— TASK INSTRUCTIONS —
Leave the pictures aside and copy all the data exactly.

Data excerpts:
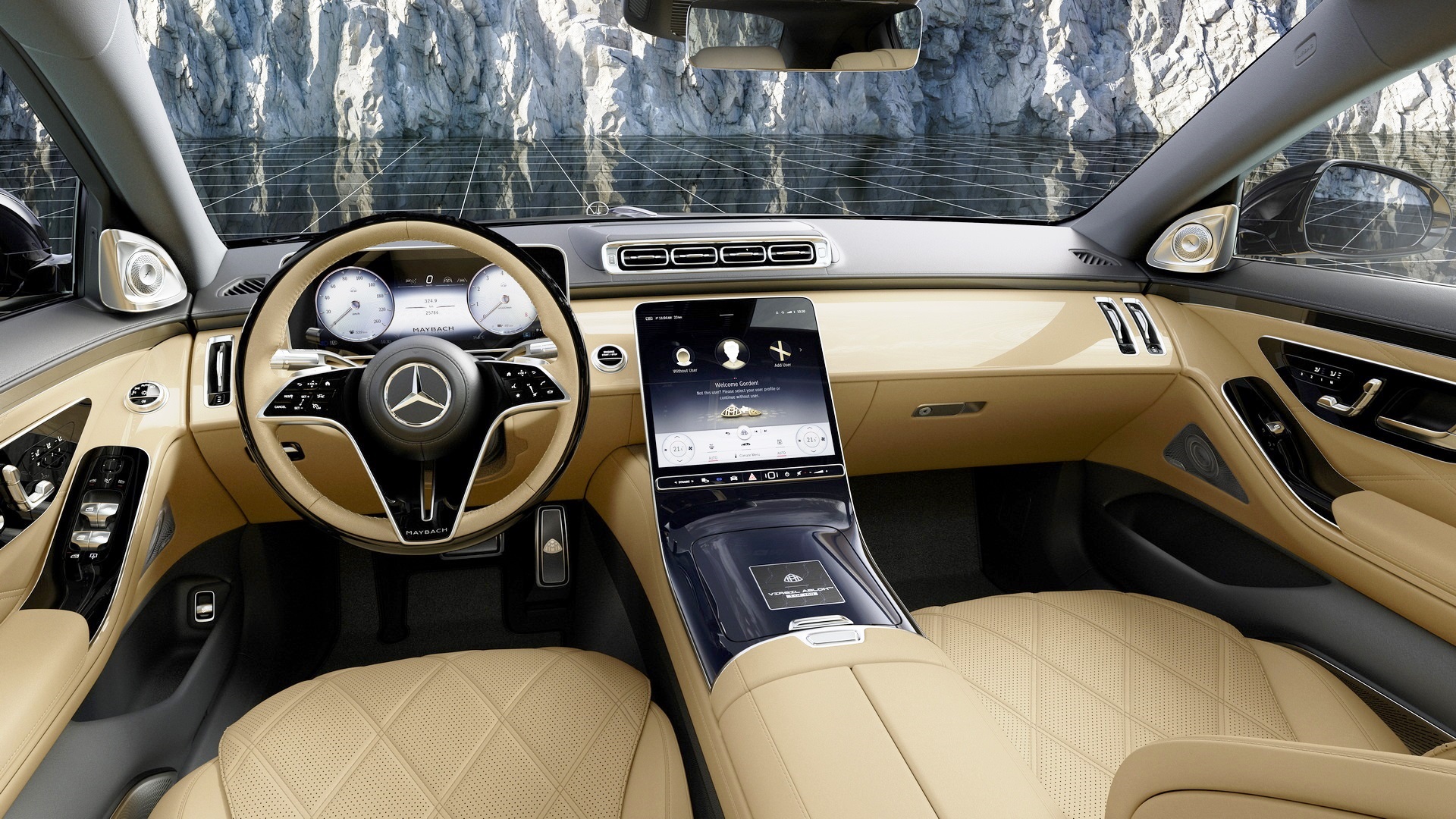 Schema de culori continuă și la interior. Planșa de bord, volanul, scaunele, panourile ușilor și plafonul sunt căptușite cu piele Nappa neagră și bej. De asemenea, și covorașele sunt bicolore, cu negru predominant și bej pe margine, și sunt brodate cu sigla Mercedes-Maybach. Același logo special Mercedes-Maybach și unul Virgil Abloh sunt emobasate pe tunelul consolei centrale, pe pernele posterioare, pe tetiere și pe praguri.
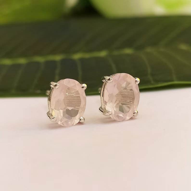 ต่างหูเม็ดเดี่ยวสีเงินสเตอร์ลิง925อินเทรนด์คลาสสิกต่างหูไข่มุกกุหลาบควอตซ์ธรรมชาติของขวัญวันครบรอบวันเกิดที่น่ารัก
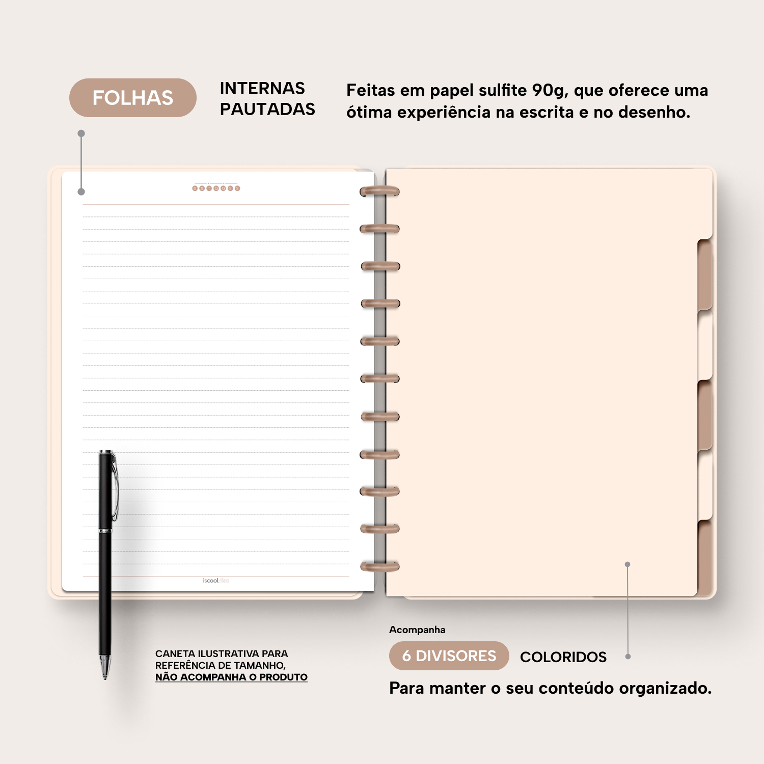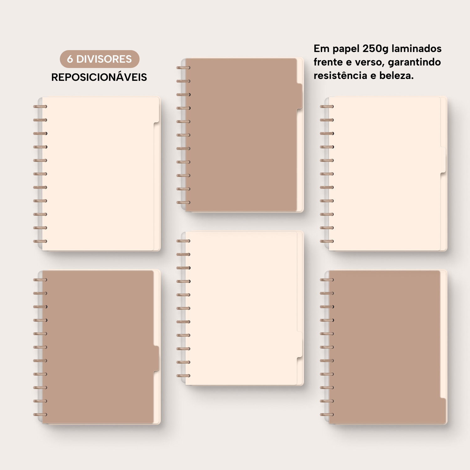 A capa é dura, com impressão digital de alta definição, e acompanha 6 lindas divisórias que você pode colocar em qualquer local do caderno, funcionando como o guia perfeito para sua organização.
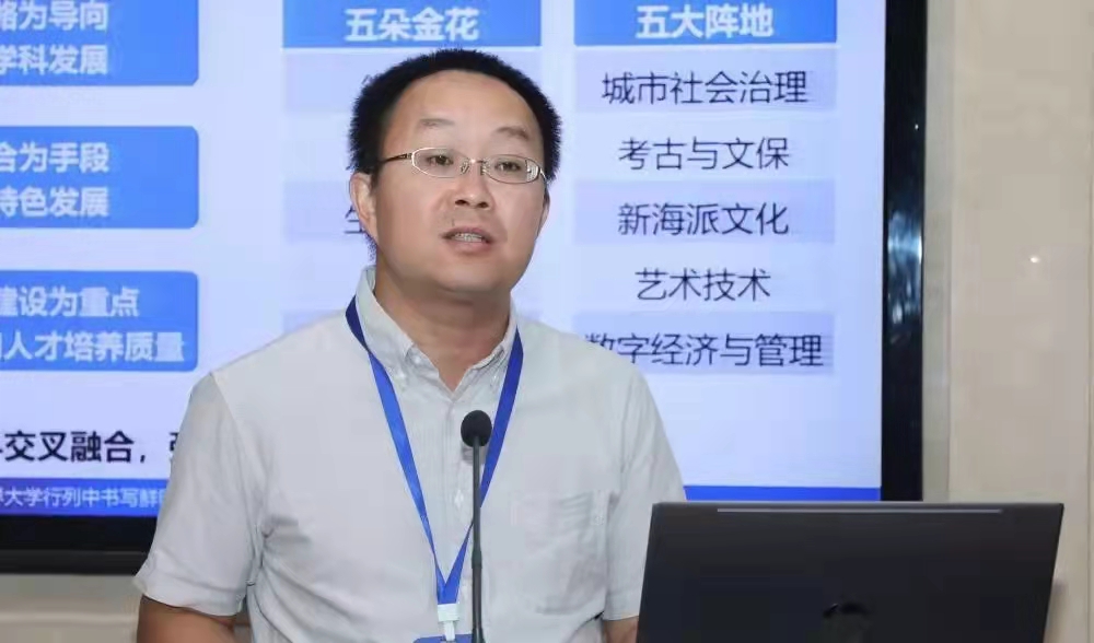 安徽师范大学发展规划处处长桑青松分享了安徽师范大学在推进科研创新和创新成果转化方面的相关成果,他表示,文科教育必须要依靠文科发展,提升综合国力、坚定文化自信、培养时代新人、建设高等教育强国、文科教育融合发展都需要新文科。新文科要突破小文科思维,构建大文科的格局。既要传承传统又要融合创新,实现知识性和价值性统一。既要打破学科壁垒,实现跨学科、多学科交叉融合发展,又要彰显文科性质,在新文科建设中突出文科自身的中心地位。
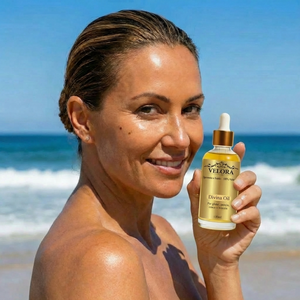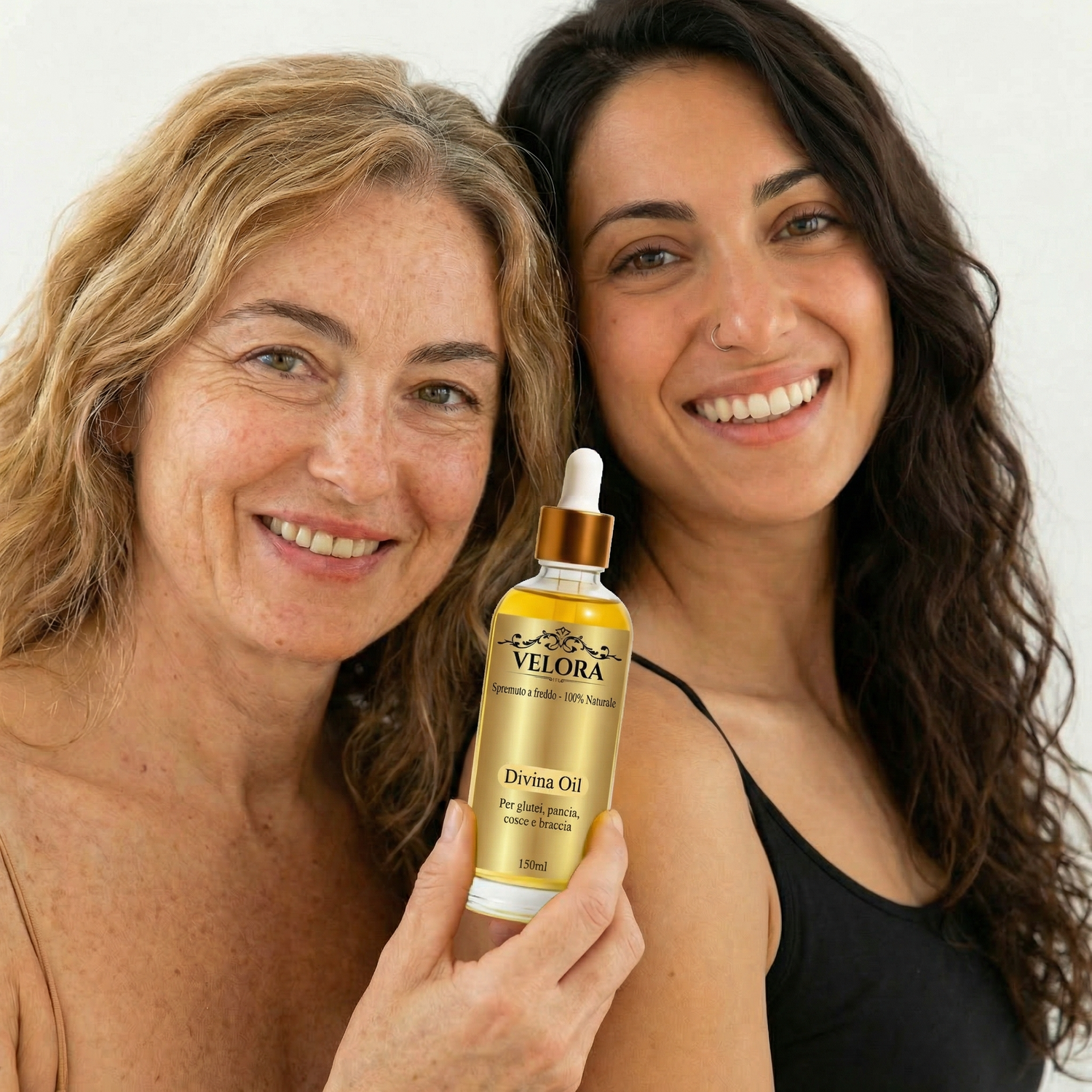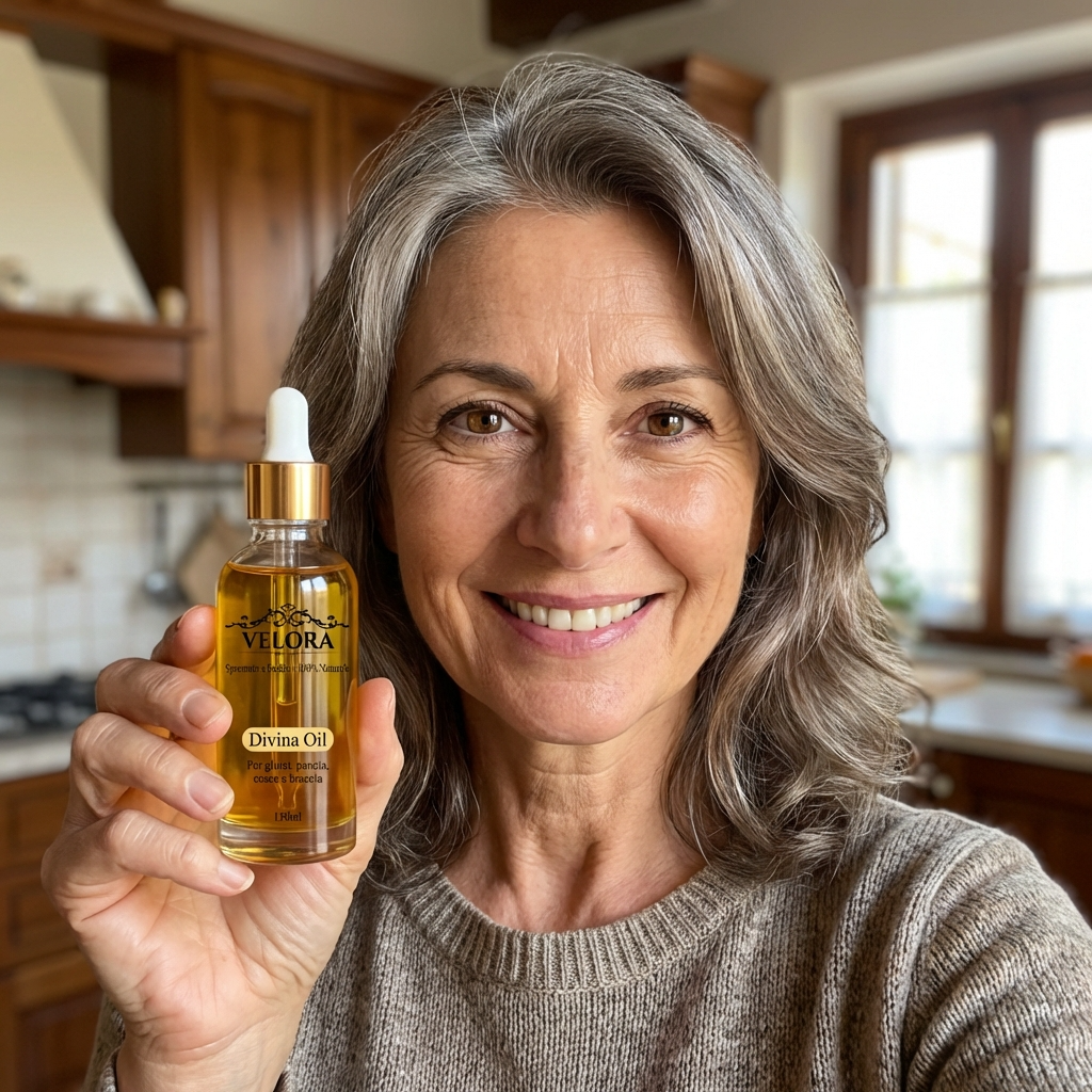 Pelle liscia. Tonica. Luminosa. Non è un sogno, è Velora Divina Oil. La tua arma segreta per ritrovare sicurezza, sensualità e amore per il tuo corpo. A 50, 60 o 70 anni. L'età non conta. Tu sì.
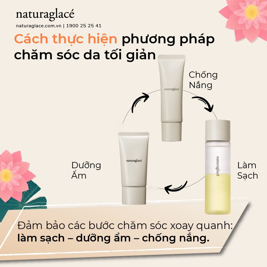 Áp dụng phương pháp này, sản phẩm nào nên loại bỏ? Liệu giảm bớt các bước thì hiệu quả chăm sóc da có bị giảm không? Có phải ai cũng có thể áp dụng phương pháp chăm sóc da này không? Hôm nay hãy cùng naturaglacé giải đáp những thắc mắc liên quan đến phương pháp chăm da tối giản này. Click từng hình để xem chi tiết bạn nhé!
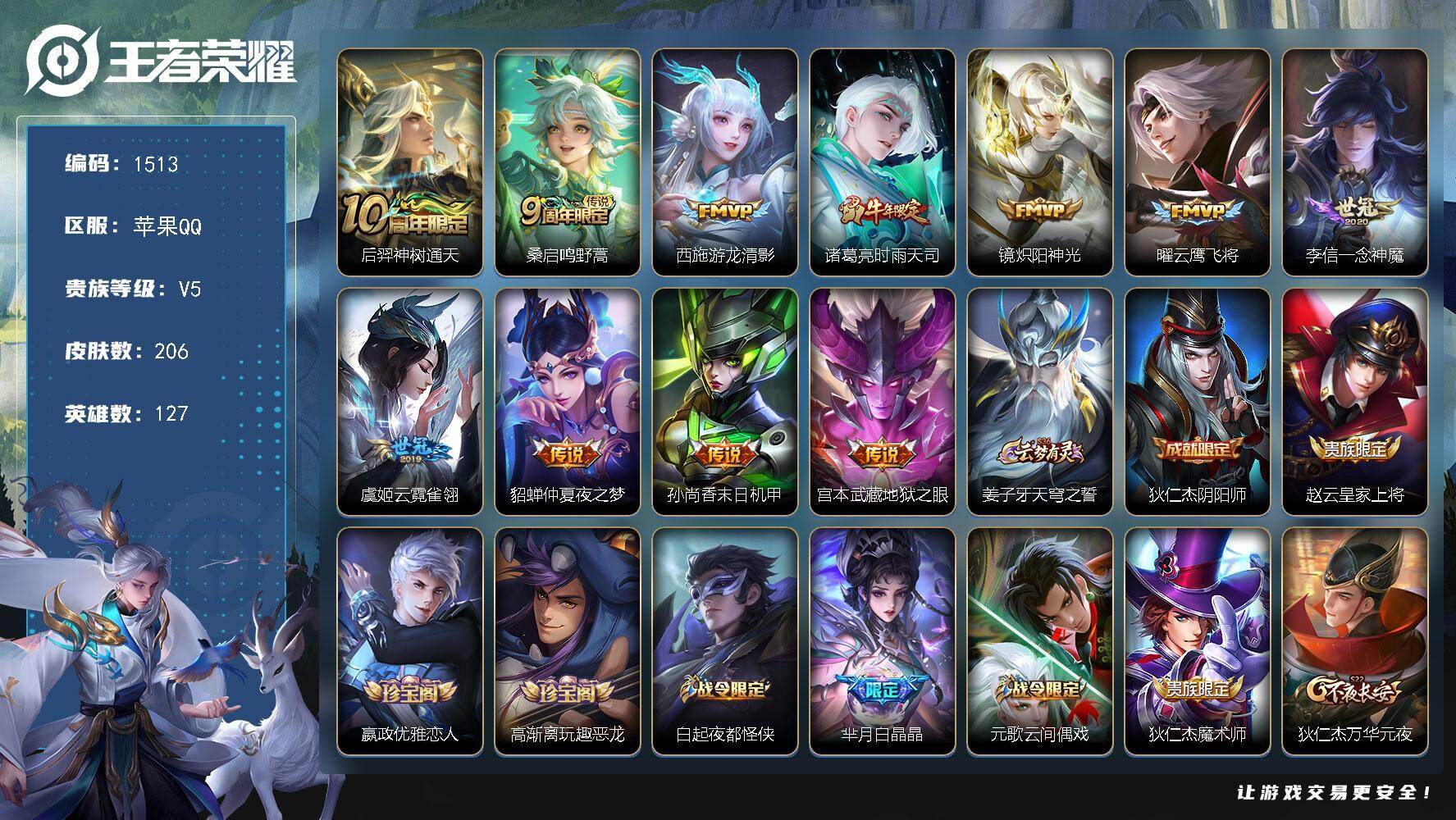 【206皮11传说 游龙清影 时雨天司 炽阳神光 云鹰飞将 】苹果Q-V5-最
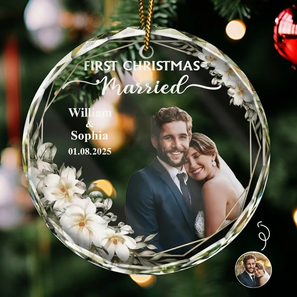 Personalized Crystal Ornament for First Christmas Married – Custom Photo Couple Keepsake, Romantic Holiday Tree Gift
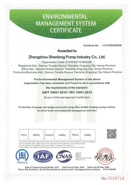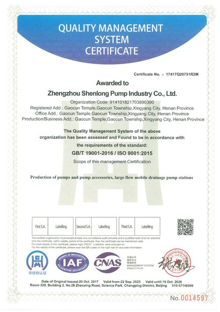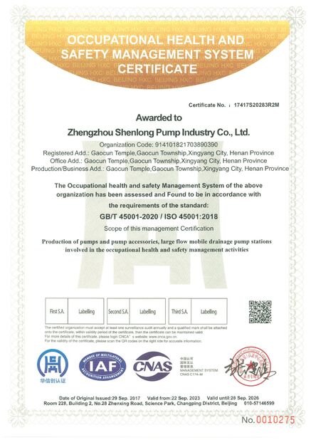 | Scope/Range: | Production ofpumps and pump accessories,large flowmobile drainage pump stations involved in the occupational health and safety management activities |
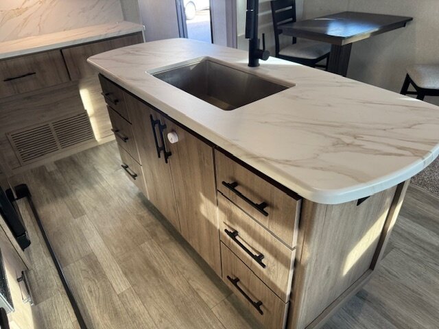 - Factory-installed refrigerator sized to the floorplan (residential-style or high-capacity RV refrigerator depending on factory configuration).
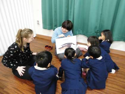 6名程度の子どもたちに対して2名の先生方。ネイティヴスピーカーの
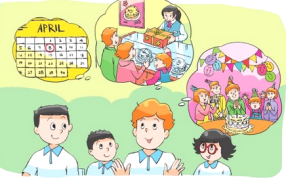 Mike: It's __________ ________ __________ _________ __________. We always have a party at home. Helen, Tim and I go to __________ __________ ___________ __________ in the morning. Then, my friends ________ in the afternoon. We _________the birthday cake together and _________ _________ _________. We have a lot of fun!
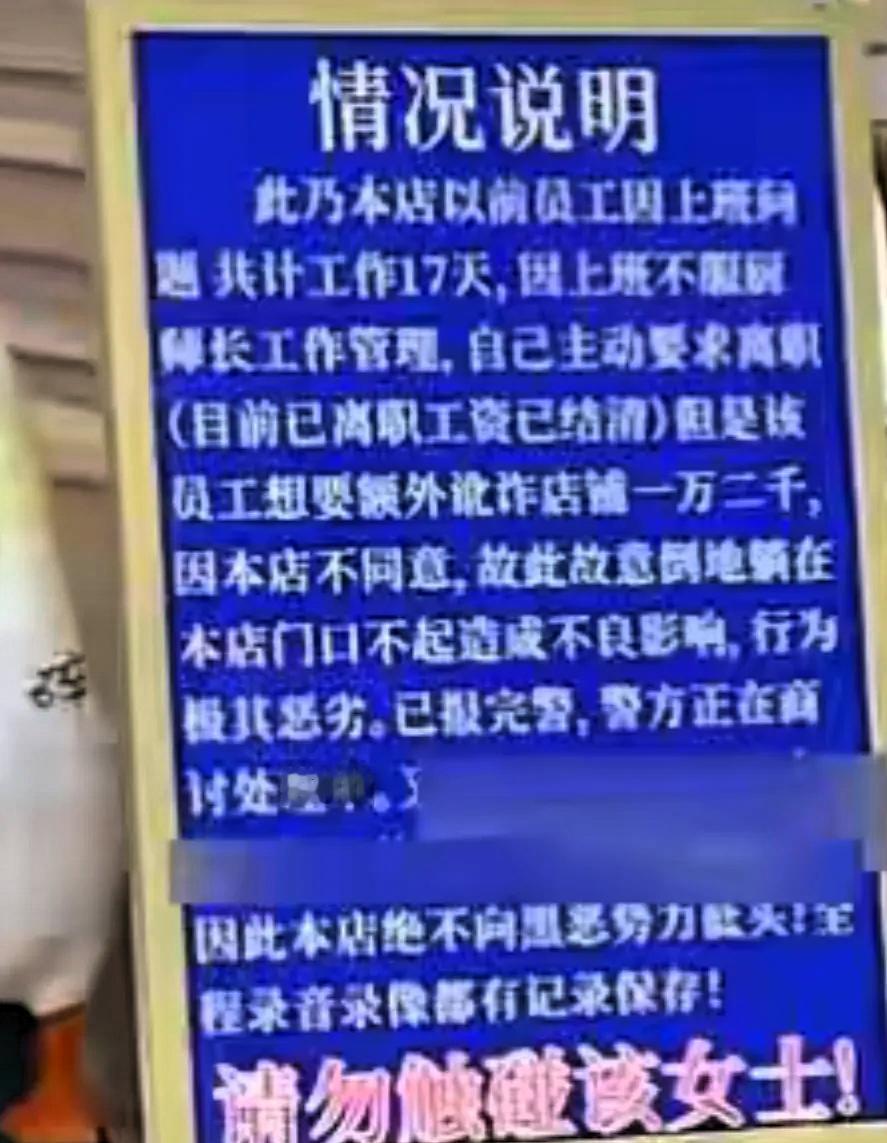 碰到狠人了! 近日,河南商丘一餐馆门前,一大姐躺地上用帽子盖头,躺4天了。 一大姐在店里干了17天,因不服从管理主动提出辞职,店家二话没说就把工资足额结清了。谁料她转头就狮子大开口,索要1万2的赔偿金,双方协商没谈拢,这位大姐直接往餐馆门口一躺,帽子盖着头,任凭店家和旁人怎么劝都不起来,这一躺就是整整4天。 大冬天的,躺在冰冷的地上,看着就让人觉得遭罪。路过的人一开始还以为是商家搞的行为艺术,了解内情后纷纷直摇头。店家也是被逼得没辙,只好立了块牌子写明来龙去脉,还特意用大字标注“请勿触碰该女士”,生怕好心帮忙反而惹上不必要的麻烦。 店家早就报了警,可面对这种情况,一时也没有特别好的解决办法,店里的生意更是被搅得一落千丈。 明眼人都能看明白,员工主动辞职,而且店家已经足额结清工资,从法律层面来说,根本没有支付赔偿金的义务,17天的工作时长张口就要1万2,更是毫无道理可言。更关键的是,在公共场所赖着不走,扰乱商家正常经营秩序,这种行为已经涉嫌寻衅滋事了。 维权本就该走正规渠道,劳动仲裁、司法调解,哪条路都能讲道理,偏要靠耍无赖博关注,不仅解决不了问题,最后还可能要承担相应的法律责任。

— RESPONSE —
 Schema de culori continuă și la interior. Planșa de bord, volanul, scaunele, panourile ușilor și plafonul sunt căptușite cu piele Nappa neagră și bej. De asemenea, și covorașele sunt bicolore, cu negru predominant și bej pe margine, și sunt brodate cu sigla Mercedes-Maybach. Același logo special Mercedes-Maybach și unul Virgil Abloh sunt emobasate pe tunelul consolei centrale, pe pernele posterioare, pe tetiere și pe praguri.
 ต่างหูเม็ดเดี่ยวสีเงินสเตอร์ลิง925อินเทรนด์คลาสสิกต่างหูไข่มุกกุหลาบควอตซ์ธรรมชาติของขวัญวันครบรอบวันเกิดที่น่ารัก
 A capa é dura, com impressão digital de alta definição, e acompanha 6 lindas divisórias que você pode colocar em qualquer local do caderno, funcionando como o guia perfeito para sua organização.
 安徽师范大学发展规划处处长桑青松分享了安徽师范大学在推进科研创新和创新成果转化方面的相关成果,他表示,文科教育必须要依靠文科发展,提升综合国力、坚定文化自信、培养时代新人、建设高等教育强国、文科教育融合发展都需要新文科。新文科要突破小文科思维,构建大文科的格局。既要传承传统又要融合创新,实现知识性和价值性统一。既要打破学科壁垒,实现跨学科、多学科交叉融合发展,又要彰显文科性质,在新文科建设中突出文科自身的中心地位。
 Pelle liscia. Tonica. Luminosa. Non è un sogno, è Velora Divina Oil. La tua arma segreta per ritrovare sicurezza, sensualità e amore per il tuo corpo. A 50, 60 o 70 anni. L'età non conta. Tu sì.
 Áp dụng phương pháp này, sản phẩm nào nên loại bỏ? Liệu giảm bớt các bước thì hiệu quả chăm sóc da có bị giảm không? Có phải ai cũng có thể áp dụng phương pháp chăm sóc da này không? Hôm nay hãy cùng naturaglacé giải đáp những thắc mắc liên quan đến phương pháp chăm da tối giản này. Click từng hình để xem chi tiết bạn nhé!
 【206皮11传说 游龙清影 时雨天司 炽阳神光 云鹰飞将 】苹果Q-V5-最
 Personalized Crystal Ornament for First Christmas Married – Custom Photo Couple Keepsake, Romantic Holiday Tree Gift
 | Scope/Range: | Production ofpumps and pump accessories,large flowmobile drainage pump stations involved in the occupational health and safety management activities |
 - Factory-installed refrigerator sized to the floorplan (residential-style or high-capacity RV refrigerator depending on factory configuration).
 6名程度の子どもたちに対して2名の先生方。ネイティヴスピーカーの
 Mike: It's __________ ________ __________ _________ __________. We always have a party at home. Helen, Tim and I go to __________ __________ ___________ __________ in the morning. Then, my friends ________ in the afternoon. We _________the birthday cake together and _________ _________ _________. We have a lot of fun!
 碰到狠人了! 近日,河南商丘一餐馆门前,一大姐躺地上用帽子盖头,躺4天了。 一大姐在店里干了17天,因不服从管理主动提出辞职,店家二话没说就把工资足额结清了。谁料她转头就狮子大开口,索要1万2的赔偿金,双方协商没谈拢,这位大姐直接往餐馆门口一躺,帽子盖着头,任凭店家和旁人怎么劝都不起来,这一躺就是整整4天。 大冬天的,躺在冰冷的地上,看着就让人觉得遭罪。路过的人一开始还以为是商家搞的行为艺术,了解内情后纷纷直摇头。店家也是被逼得没辙,只好立了块牌子写明来龙去脉,还特意用大字标注“请勿触碰该女士”,生怕好心帮忙反而惹上不必要的麻烦。 店家早就报了警,可面对这种情况,一时也没有特别好的解决办法,店里的生意更是被搅得一落千丈。 明眼人都能看明白,员工主动辞职,而且店家已经足额结清工资,从法律层面来说,根本没有支付赔偿金的义务,17天的工作时长张口就要1万2,更是毫无道理可言。更关键的是,在公共场所赖着不走,扰乱商家正常经营秩序,这种行为已经涉嫌寻衅滋事了。 维权本就该走正规渠道,劳动仲裁、司法调解,哪条路都能讲道理,偏要靠耍无赖博关注,不仅解决不了问题,最后还可能要承担相应的法律责任。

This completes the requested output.